Task description ::
Your copy must hold all of the data below, unchanged and without images.

Dataset excerpt ::
⟨

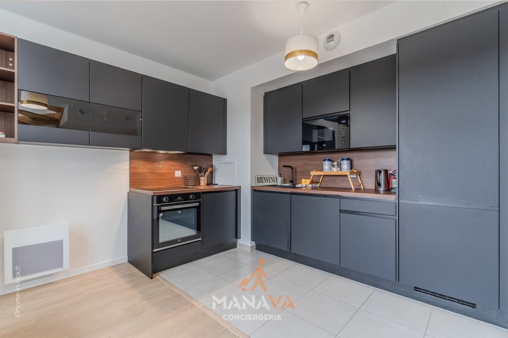 ✨ Manava Conciergerie presents Le Hiva Oa – Elegant duplex with terrace and green view Welcome to Le Hiva Oa, a stylish 80 m² duplex apartment located in a quiet, green residential area just minutes from Disneyland Paris. This bright and modern cocoon can accommodate up to 5 guests in a refined, cozy setting filled with natural light, thanks to its cathedral-style living room and large west-facing bay windows. 🌿 A natural setting with open views From the moment you enter, you'll be charmed by the green surroundings and the impressive ceiling height in the living area. The large windows flood the space with light all day long, while the furnished terrace extends the living room outdoors—perfect for a morning coffee or sunset aperitif. 🛋️ A bright and elegant cathedral-style living room The living space, decorated in a modern and minimalist style, features a comfortable sofa, designer armchairs, a contemporary TV unit with smart TV (Netflix included), and a cozy dining area around a beautiful wooden table. The entire room opens directly onto the terrace, creating a seamless indoor-outdoor flow. 👨🏻🍳 Open-plan, stylish, and fully equipped kitchen The matte black kitchen with wood accents is as beautiful as it is practical. It includes: - Oven, microwave, ceramic cooktop - Fridge-freezer - Dishwasher - Nespresso machine, toaster, kettle - Tableware, cookware, utensils, basic spices Perfect for preparing great meals, just like at home! 🛏️ Three comfortable and well-designed sleeping areas - Bedroom 1: King-size bed (180x200), large wardrobe, cozy terracotta-toned ambiance - Bedroom 2: Queen-size bed (160x200), small desk—ideal for remote work, with a soft and natural decor - Open mezzanine: Single bed (90x200), ideal for a child or teen, overlooking the living area Each bed comes with high-quality bedding to ensure a restful night’s sleep. 🌅 A perfect terrace for your relaxing moments Outside, a private terrace awaits you with wooden garden furniture: sofas, armchairs, and a coffee table for enjoying a drink or breakfast facing nature. 🛁 Bathroom & amenities - 1 bathroom with bathtub - Separate toilet - Washing machine - Heated towel rail 📶 Comfort & included amenities - High-speed Wi-Fi - Smart TV with Netflix - Electric roller shutters - Adjustable heating - Bed linen and towels for 5 guests - Welcome products for your first night (toilet paper, soap, coffee capsules, etc.) 🧼 Included upon arrival: - Sheets for each bed - 5 bath towels - 1 bath mat - 1 kitchen towel - Dish soap, sponge, dishwasher tablets - Shampoo, shower gel, hand soap - Coffee/tea capsules
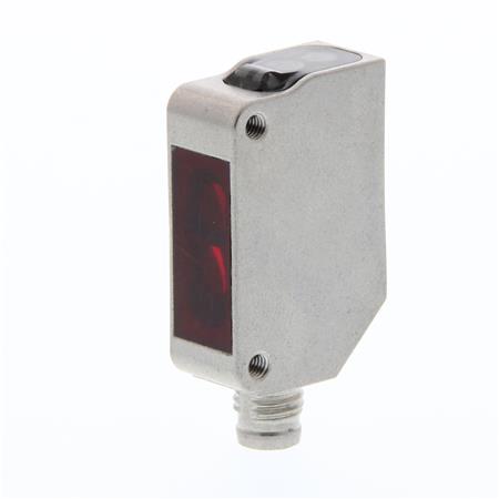 Fotocellesensor med rektangulært hus i rustfrit stål, rød LED, baggrundsafblænding, 100 mm, PNP, Light-ON/Dark-ON og M8 4-polet stik.
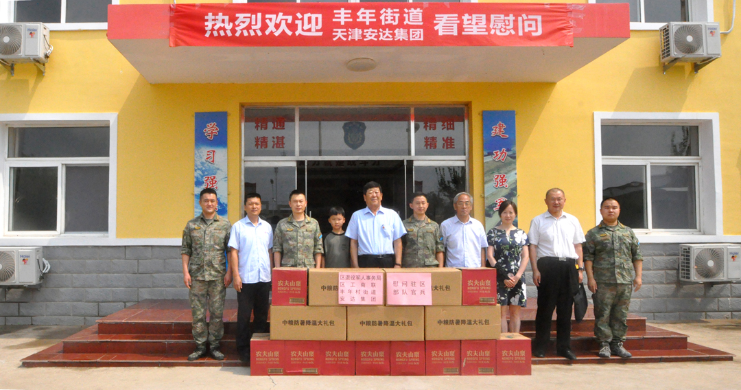 為慶祝中國人民解放軍建軍96周年,進(jìn)一步深化軍地軍民共建關(guān)系,在八一建軍節(jié)來臨之際,安達(dá)集團(tuán)聯(lián)合區(qū)退役軍人事務(wù)局、區(qū)工商聯(lián)、豐年街道開展走訪慰問駐區(qū)部隊(duì)活動(dòng),為部隊(duì)廣大官兵送去節(jié)日的祝賀和誠摯的慰問。

⟩

Solution to this exercise ::
 ✨ Manava Conciergerie presents Le Hiva Oa – Elegant duplex with terrace and green view Welcome to Le Hiva Oa, a stylish 80 m² duplex apartment located in a quiet, green residential area just minutes from Disneyland Paris. This bright and modern cocoon can accommodate up to 5 guests in a refined, cozy setting filled with natural light, thanks to its cathedral-style living room and large west-facing bay windows. 🌿 A natural setting with open views From the moment you enter, you'll be charmed by the green surroundings and the impressive ceiling height in the living area. The large windows flood the space with light all day long, while the furnished terrace extends the living room outdoors—perfect for a morning coffee or sunset aperitif. 🛋️ A bright and elegant cathedral-style living room The living space, decorated in a modern and minimalist style, features a comfortable sofa, designer armchairs, a contemporary TV unit with smart TV (Netflix included), and a cozy dining area around a beautiful wooden table. The entire room opens directly onto the terrace, creating a seamless indoor-outdoor flow. 👨🏻🍳 Open-plan, stylish, and fully equipped kitchen The matte black kitchen with wood accents is as beautiful as it is practical. It includes: - Oven, microwave, ceramic cooktop - Fridge-freezer - Dishwasher - Nespresso machine, toaster, kettle - Tableware, cookware, utensils, basic spices Perfect for preparing great meals, just like at home! 🛏️ Three comfortable and well-designed sleeping areas - Bedroom 1: King-size bed (180x200), large wardrobe, cozy terracotta-toned ambiance - Bedroom 2: Queen-size bed (160x200), small desk—ideal for remote work, with a soft and natural decor - Open mezzanine: Single bed (90x200), ideal for a child or teen, overlooking the living area Each bed comes with high-quality bedding to ensure a restful night’s sleep. 🌅 A perfect terrace for your relaxing moments Outside, a private terrace awaits you with wooden garden furniture: sofas, armchairs, and a coffee table for enjoying a drink or breakfast facing nature. 🛁 Bathroom & amenities - 1 bathroom with bathtub - Separate toilet - Washing machine - Heated towel rail 📶 Comfort & included amenities - High-speed Wi-Fi - Smart TV with Netflix - Electric roller shutters - Adjustable heating - Bed linen and towels for 5 guests - Welcome products for your first night (toilet paper, soap, coffee capsules, etc.) 🧼 Included upon arrival: - Sheets for each bed - 5 bath towels - 1 bath mat - 1 kitchen towel - Dish soap, sponge, dishwasher tablets - Shampoo, shower gel, hand soap - Coffee/tea capsules
 Fotocellesensor med rektangulært hus i rustfrit stål, rød LED, baggrundsafblænding, 100 mm, PNP, Light-ON/Dark-ON og M8 4-polet stik.
 為慶祝中國人民解放軍建軍96周年,進(jìn)一步深化軍地軍民共建關(guān)系,在八一建軍節(jié)來臨之際,安達(dá)集團(tuán)聯(lián)合區(qū)退役軍人事務(wù)局、區(qū)工商聯(lián)、豐年街道開展走訪慰問駐區(qū)部隊(duì)活動(dòng),為部隊(duì)廣大官兵送去節(jié)日的祝賀和誠摯的慰問。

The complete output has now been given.